Terrorism From a Scholarly Perspective

As editor of the Journal of Terrorism and Political Violence and author of dozens of books and articles on the subject, UCLA professor David C. Rapoport has researched terrorism from the ancient Zealots and medieval Assassins all the way to Al Qaeda. He’s also the founder of UCLA’s Center for the Study of Religion. Though he spends most of his waking hours focused on wanton human destruction, Rapoport reports that for all the shrill headlines and rainbow-colored alerts, he still sleeps pretty well. He spent an Orange Alert afternoon not long ago explaining why the news needn’t be all bad.
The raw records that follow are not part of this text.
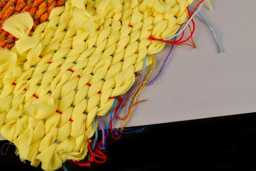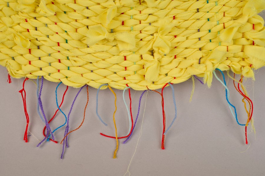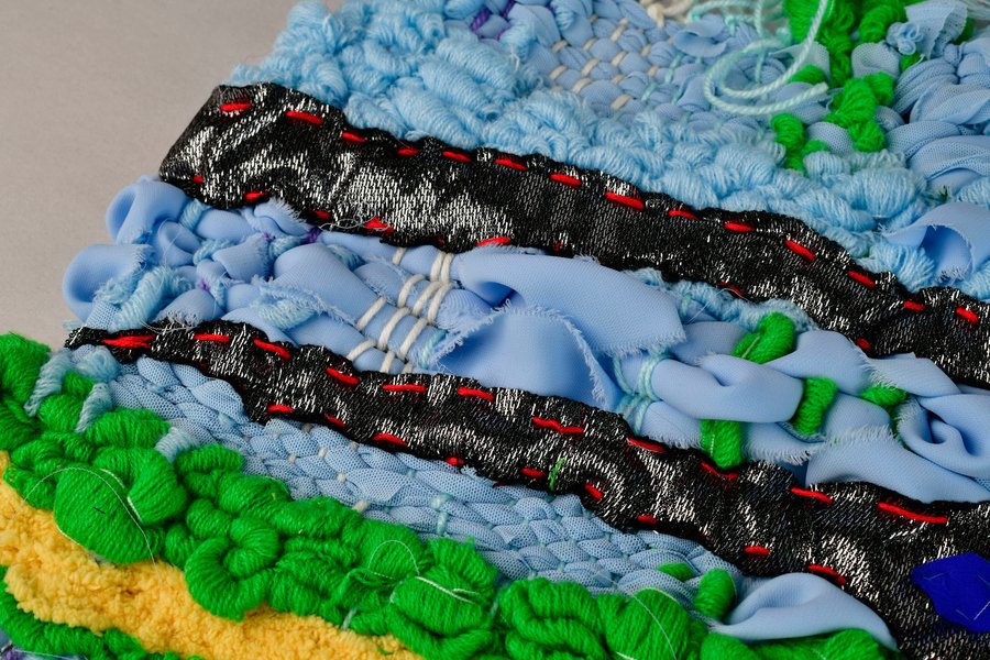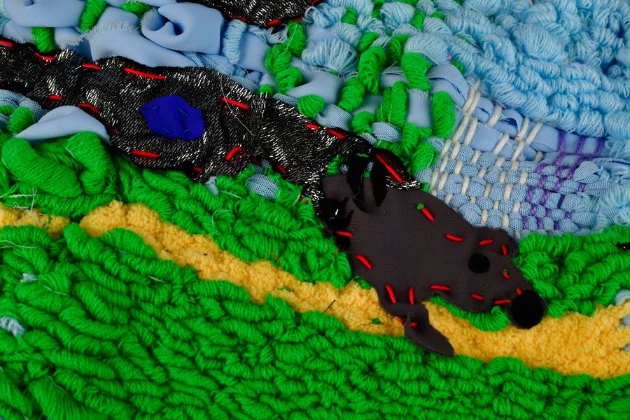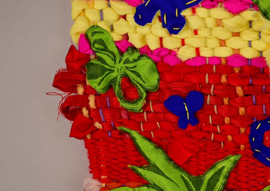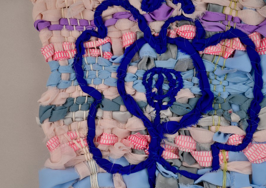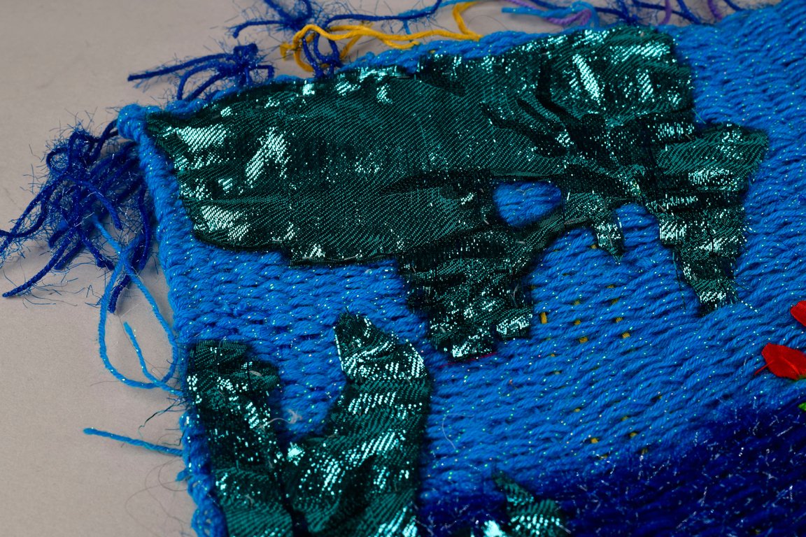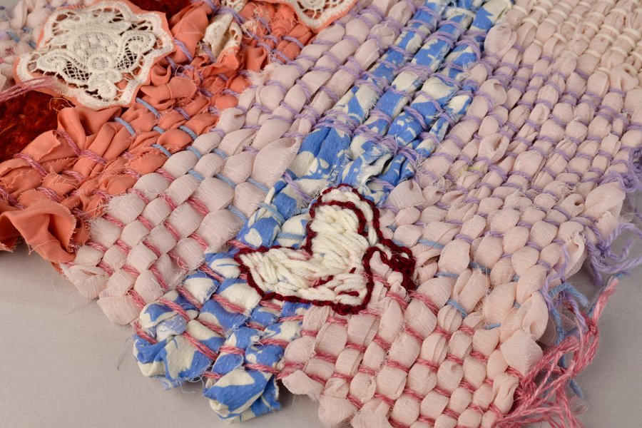 «Детство на нитке» — это серия гобеленов, сотканных из обрезков маминых тканей и пряжи с элементами вышивки и текстильной аппликации, образы и сюжеты которых вдохновлены детскими рисунками
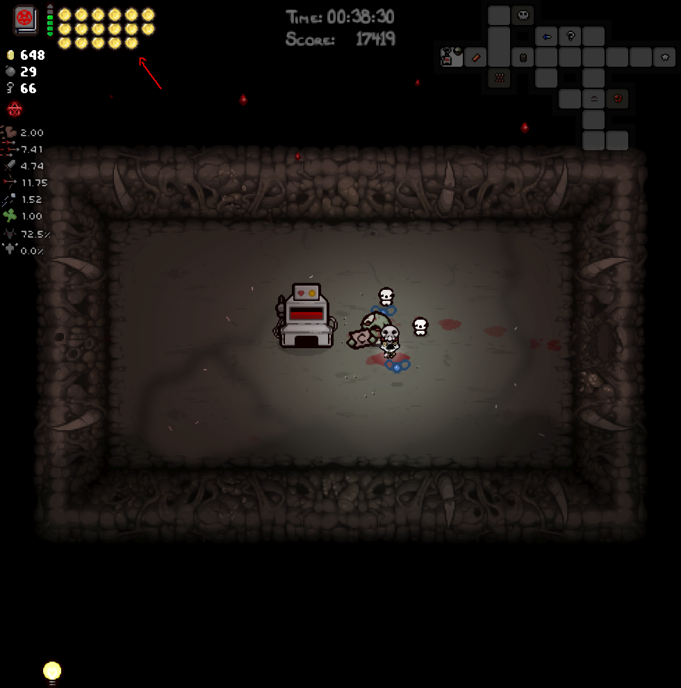 | La loi c'est moi    Inscrit: 07/04/2012 19:19 Post(s): 39508 Karma: 20048 | Je viens de faire une run avec tainted Keeper ... J'en pleure de joie! Deep Pocket + Greed gullet + Humbling bundle \o/ Résultat, quasi tous les monstres dropaient 2 pièces et j'avais constamment un TAS de coeurs! Je comprends même pas comment c'est possible ................ j'ai l'impression que c'est complètement bugué.
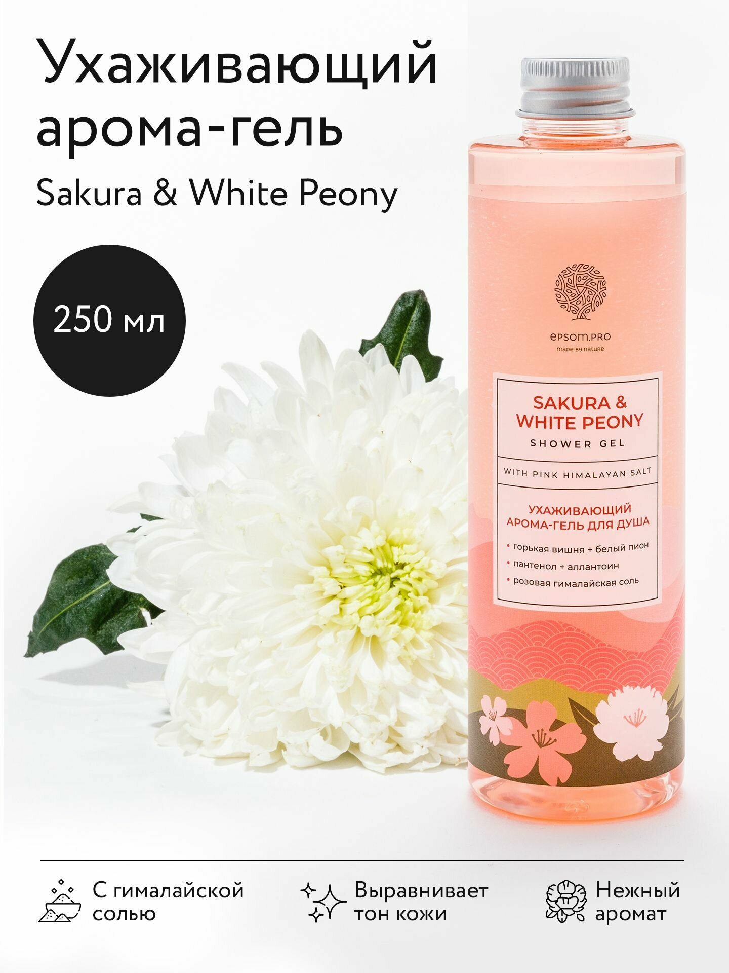 Купить Ухаживающий арома-гель для душа SAKURA & WHITE PEONY с розовой гималайской солью 250мл

What is your definition of terrorism?

Violence beyond the rules that regulate the use of violence. We have two kinds of rules. One, the rules of war. The other, of punishment. Terrorism goes beyond these two categories, to produce something that outsiders respond to as an atrocity. The function is to generate emotions which you will then manipulate.

You talk about “four waves of terrorism” in history.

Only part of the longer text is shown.